▸ **Entries taken from a collection**
===

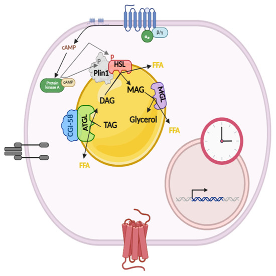 ATGL is the rate-limiting enzyme of this process and catalyzes the initial step of cleaving TAG into diacylglycerol (DAG) and FFAs [9]. Its activity is regulated by different proteins such as comparative gene identification-58 (CGI-58), also called α/β hydrolase domain-5 (ABHD5) [8,10,11]. On the other hand, hormone-sensitive lipase (HSL) hydrolyzes DAGs to monoacylglycerols (MAGS) and FFAs, but also acts on other substrates. HSL, once phosphorylated, increases its translocation from the cytosol to the LD and interacts with different LD-associated proteins, mainly perilipins, becoming activated [12,13]. MGL (monoglyceride lipase) finally cleaves MAGS into glycerol and FFA (Figure 1).
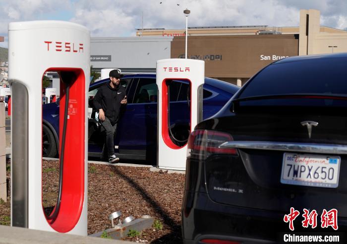 当地时间2月2日,车主在位于美国加州圣布鲁诺一处停车场给特斯拉汽车充电。 中新社记者 刘关关 摄
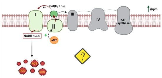 Our research group found that treatment with melatonin inhibits metabolic reprogramming by inhibiting glycolysis and increasing OXPHOS activity, leading to the production of ROS in head and neck squamous cell carcinoma (HNSCC) []. Thus, enhanced OXPHOS activity increases the levels of ROS, thereby inducing cancer cell death []. In primary human kidney mesangial cells, melatonin can also induce rapid ROS generation via the antimycin-A-sensitive site in mitochondrial complex III [].
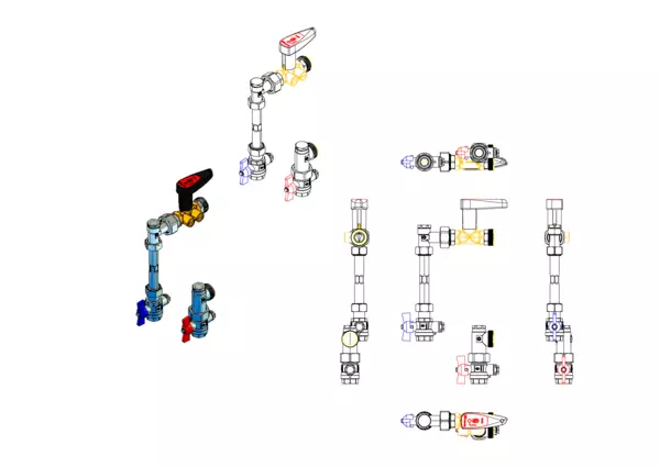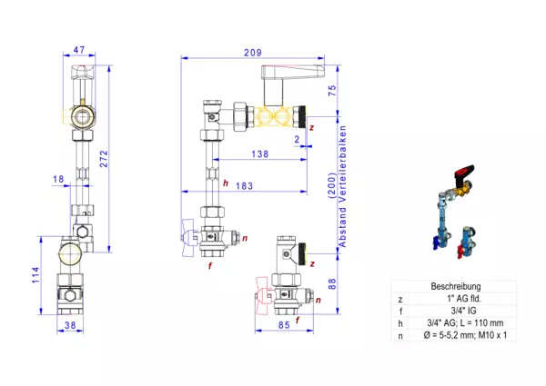 Anschlussgarnitur mit Wärmezählerverrohrung, bestehend aus Vor- und Rücklaufkugelhahn mit Fühlereinbaustück 5-5,2 mm M10x1, Strangregulierventil Ballorex Vario DN 15 für den manuellen hydraulischen Abgleich im Rücklauf montiert, Wärmezählerdistanzstück und Winkelanschlusstücken mit Stopfen, für den vertikalen Primäranschluss von Flächenheizungs- und Heizkörper-Anschlussverteilern.
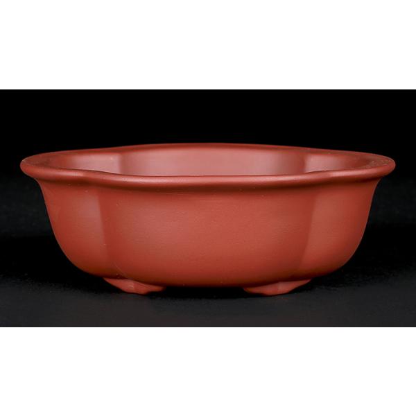 盆栽鉢 紫泥外縁木瓜式鉢 朱泥 植木鉢 中国鉢 泥鉢 陶器 6号 19cm レッド 小品盆栽 ミニ盆栽 山野草に最適
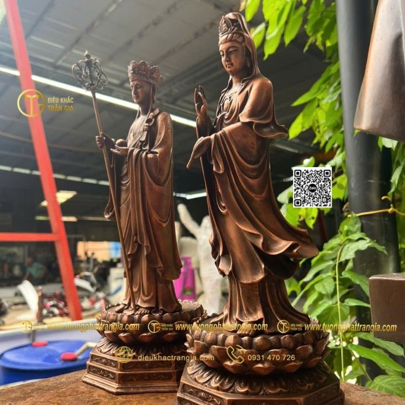 - Chất liệu đồng nguyên khối mang lại độ bền cao, hạn chế ăn mòn, giữ được màu sắc và thần thái trang nghiêm theo thời gian sử dụng.
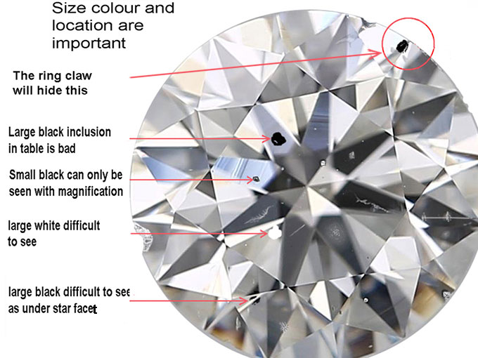 La posizione delle inclusioni, rispetto alla forma del diamante, determina quanto sono visibili le inclusioni.ย Come accennato in precedenza, quando un diamante ha un segno nero nella tavola della pietra รจ piรน visibile.ย Il tavolo รจ la sfaccettatura piรน grande del diamante ed รจ fondamentalmente una finestra aperta nel cuore della gemma.
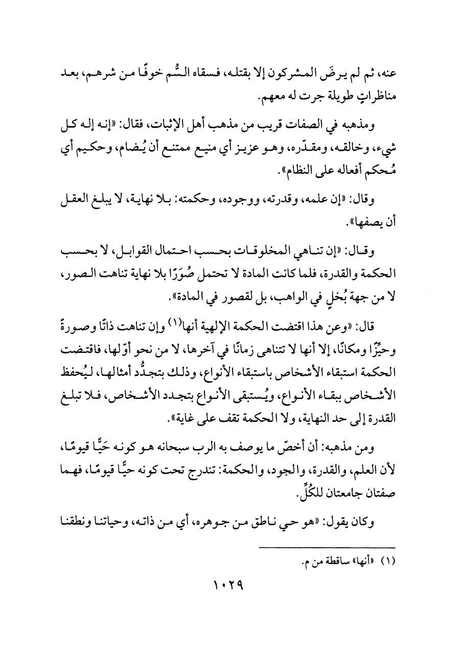 قال: «وعن هذا اقتضت الحكمة الإلهية أنها (¬١) وإن تناهت ذاتًا وصورةً وحيِّزًا ومكانًا، إلا أنها لا تتناهى زمانًا في آخرها، لا من نحو أوّلها، فاقتضت الحكمة استبقاء الأشخاص باستبقاء الأنواع، وذلك بتجدُّد أمثالها، ليُحفظ الأشخاص ببقاء الأنواع، ويُستبقى الأنواع بتجدد الأشخاص، فلا تبلغ القدرة إلى حد النهاية، ولا الحكمة تقف على غاية».
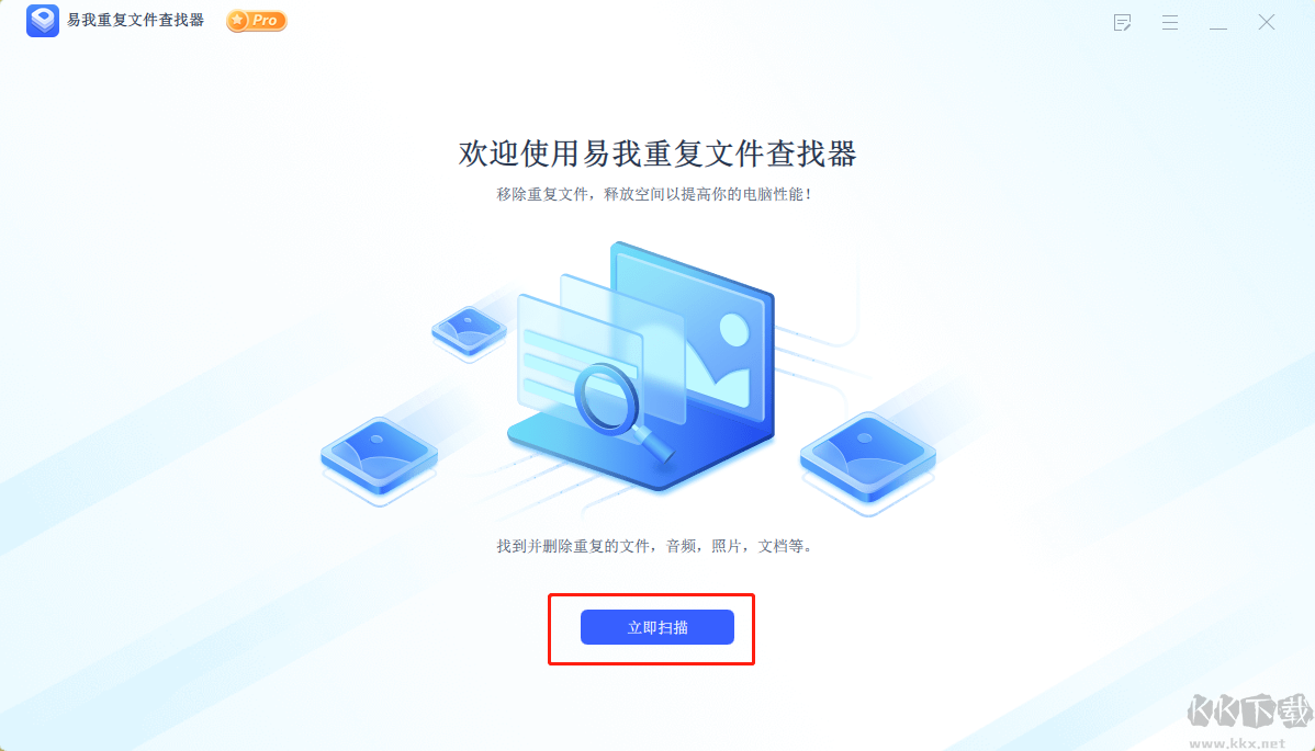 易我重復(fù)文件查找器官網(wǎng)版是一款操作起來非常簡單實(shí)用的重復(fù)文件查找軟件,能夠支持用戶在這里快速的對重復(fù)的文件進(jìn)行清理,使用起來也非常的快速,并且還能支持用戶一鍵或按類別清理重復(fù)的圖片,視頻,音頻和文檔等內(nèi)容,感興趣或者有需要的小伙伴就快來kk網(wǎng)站下載體驗(yàn)一下吧。
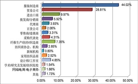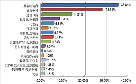 其中現(xiàn)場登錄的國內(nèi)觀眾按其行業(yè)性質(zhì)分類,各占國內(nèi)觀眾數(shù)量的百分比為:

===

▸ **Try it**
Could you write out, word for word, the lines from the one containing "易我重復(fù)文件查找器官" through the last line of the records, leaving out the pictures?

▸ **Answer area**
 易我重復(fù)文件查找器官網(wǎng)版是一款操作起來非常簡單實(shí)用的重復(fù)文件查找軟件,能夠支持用戶在這里快速的對重復(fù)的文件進(jìn)行清理,使用起來也非常的快速,并且還能支持用戶一鍵或按類別清理重復(fù)的圖片,視頻,音頻和文檔等內(nèi)容,感興趣或者有需要的小伙伴就快來kk網(wǎng)站下載體驗(yàn)一下吧。
 其中現(xiàn)場登錄的國內(nèi)觀眾按其行業(yè)性質(zhì)分類,各占國內(nèi)觀眾數(shù)量的百分比為:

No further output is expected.